Assigned task>
The material below holds a span beginning at the line with "The expression level" and ending at the line with "全市场所有行业板块中主力空头". Quote that span exactly, both ends included, and only that span.

Records for the task>

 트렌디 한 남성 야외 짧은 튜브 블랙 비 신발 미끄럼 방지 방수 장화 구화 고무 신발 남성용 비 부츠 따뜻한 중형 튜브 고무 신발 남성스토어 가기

---

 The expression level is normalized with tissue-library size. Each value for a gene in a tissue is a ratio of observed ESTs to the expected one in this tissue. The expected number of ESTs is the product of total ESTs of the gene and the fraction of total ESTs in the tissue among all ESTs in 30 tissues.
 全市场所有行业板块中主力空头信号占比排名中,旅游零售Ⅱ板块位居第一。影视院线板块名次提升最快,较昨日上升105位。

--

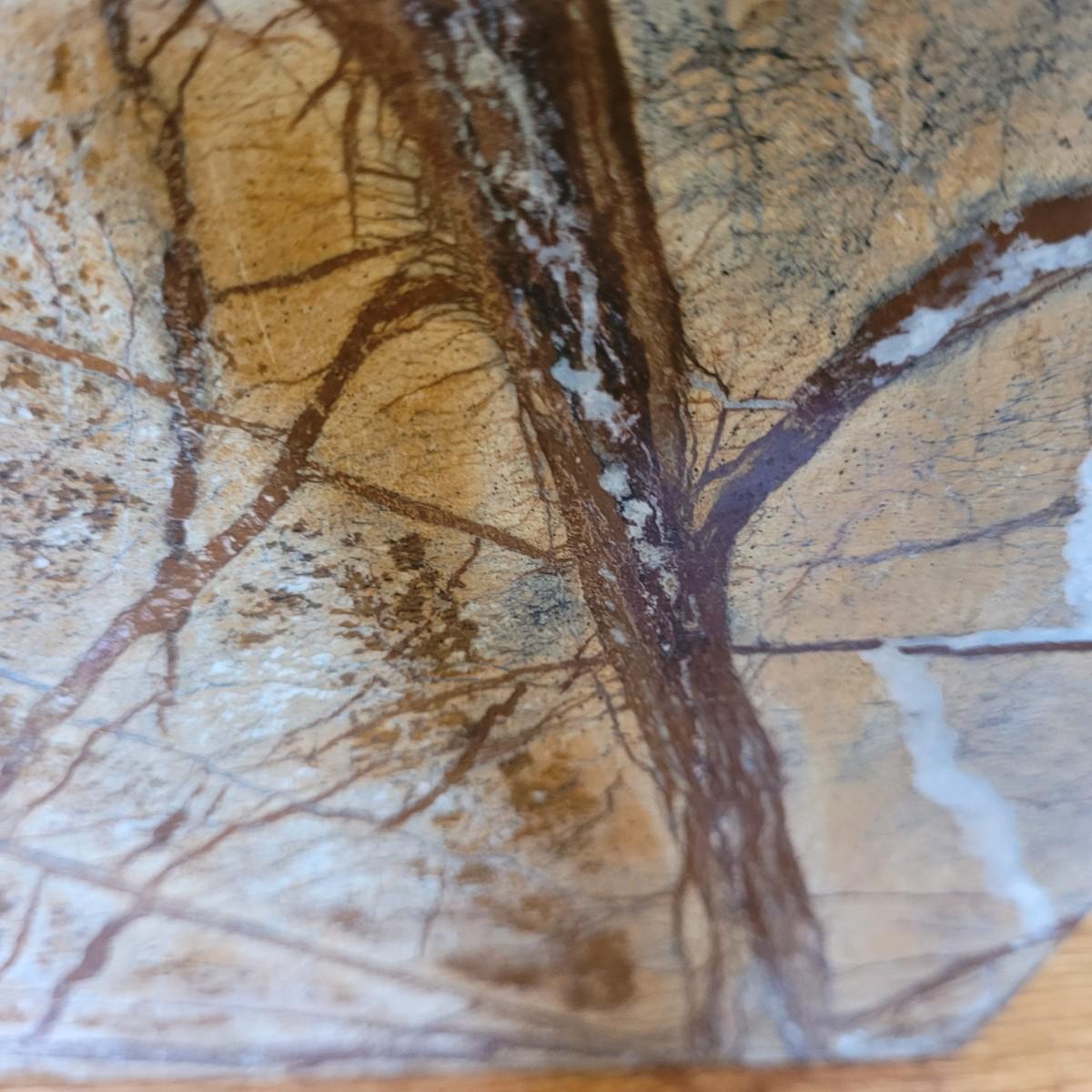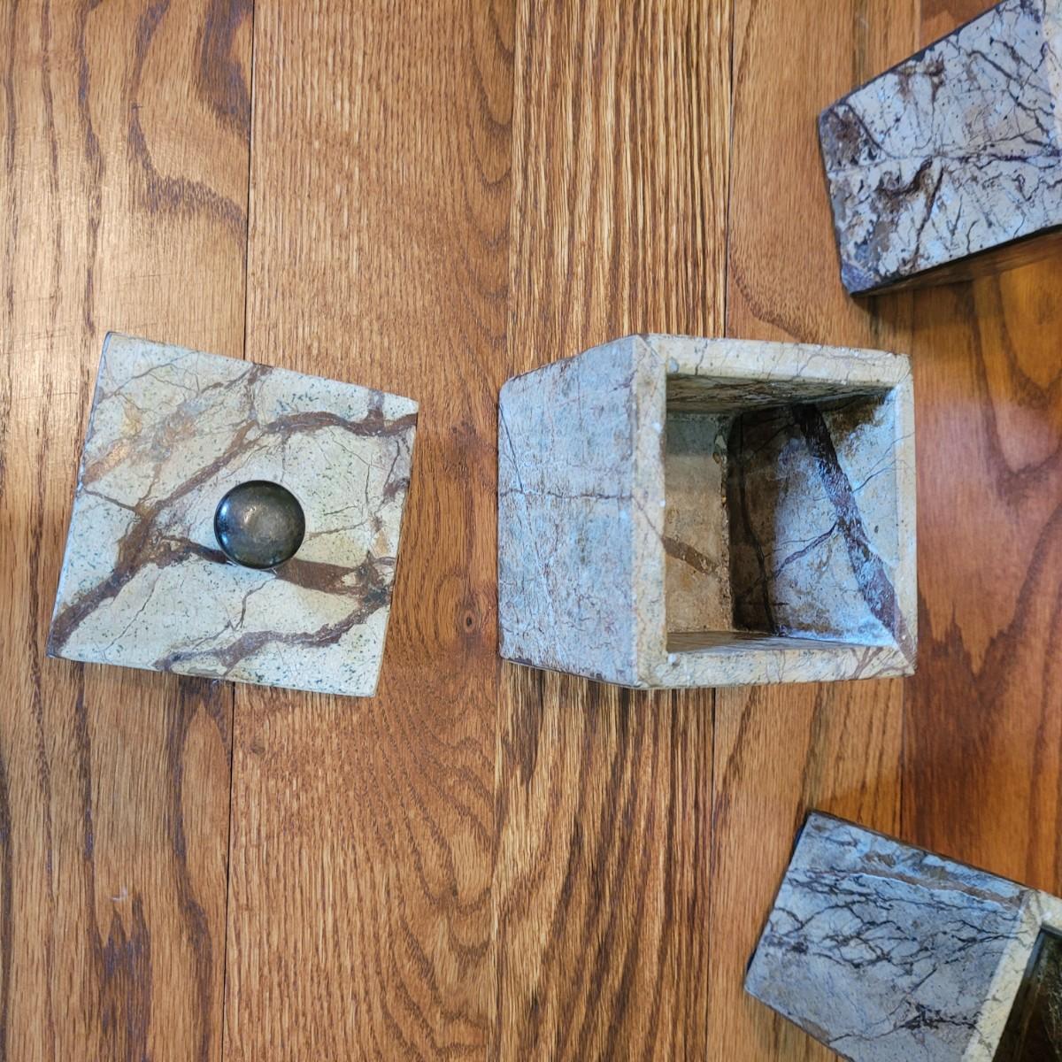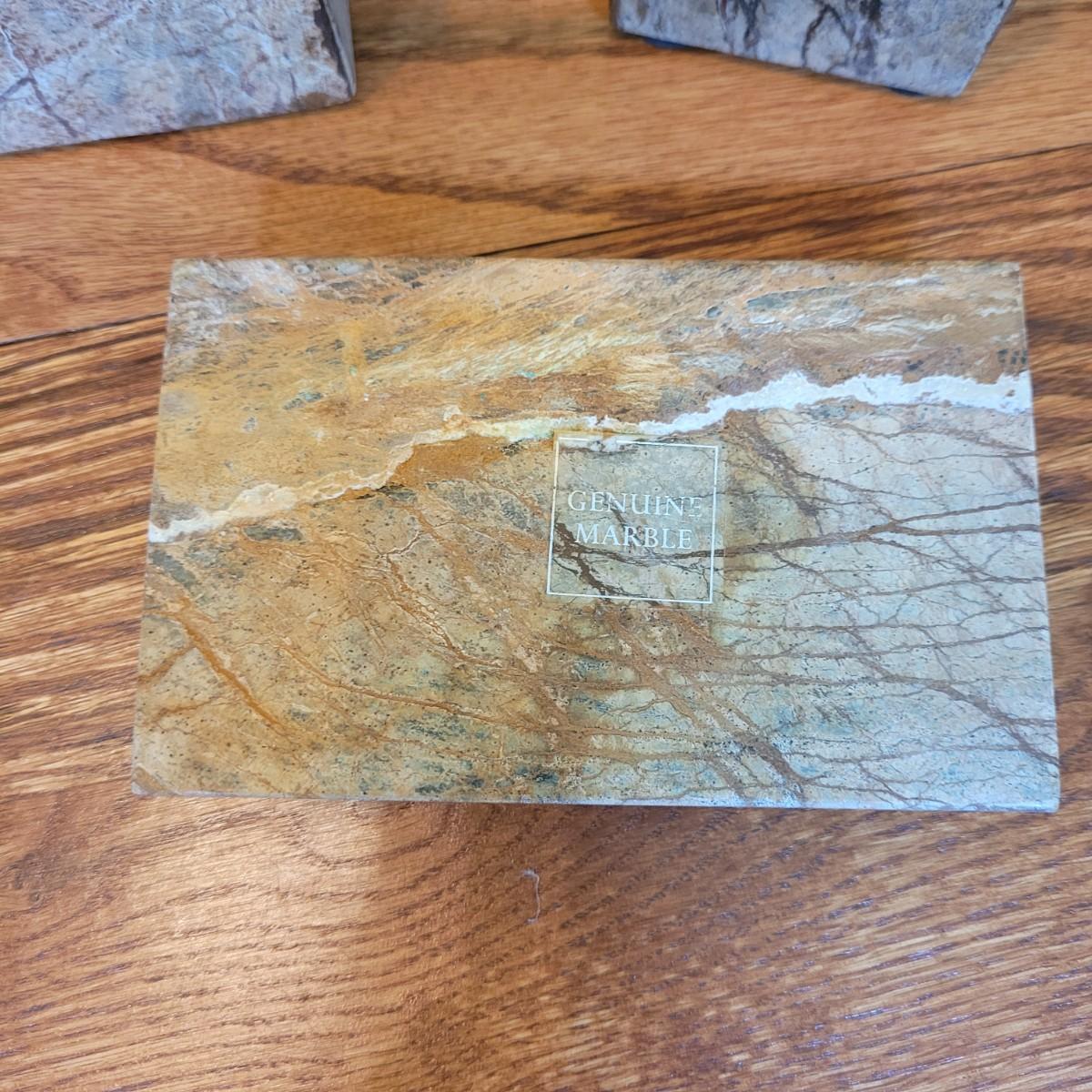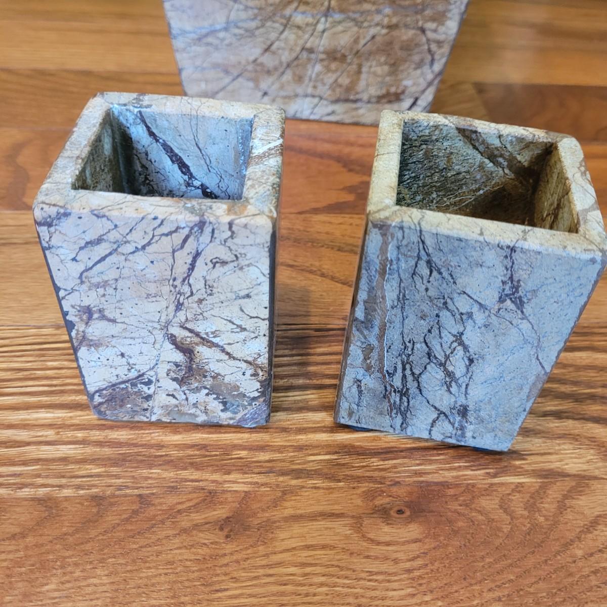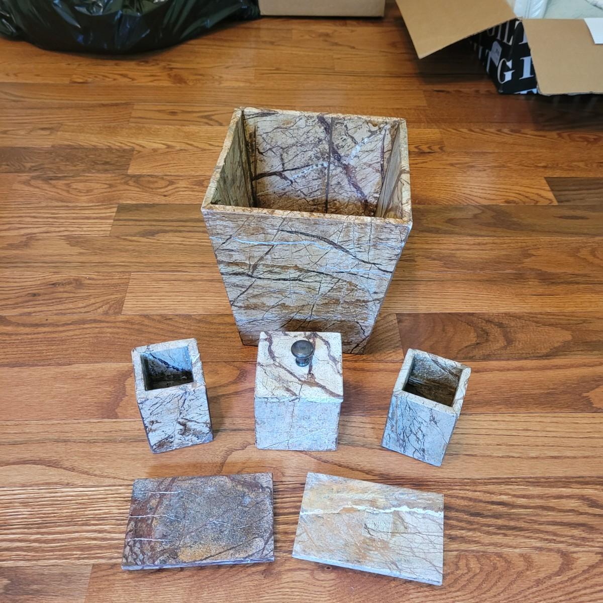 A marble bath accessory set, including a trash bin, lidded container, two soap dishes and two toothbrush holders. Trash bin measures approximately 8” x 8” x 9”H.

Answer to this task>
 The expression level is normalized with tissue-library size. Each value for a gene in a tissue is a ratio of observed ESTs to the expected one in this tissue. The expected number of ESTs is the product of total ESTs of the gene and the fraction of total ESTs in the tissue among all ESTs in 30 tissues.
 全市场所有行业板块中主力空头信号占比排名中,旅游零售Ⅱ板块位居第一。影视院线板块名次提升最快,较昨日上升105位。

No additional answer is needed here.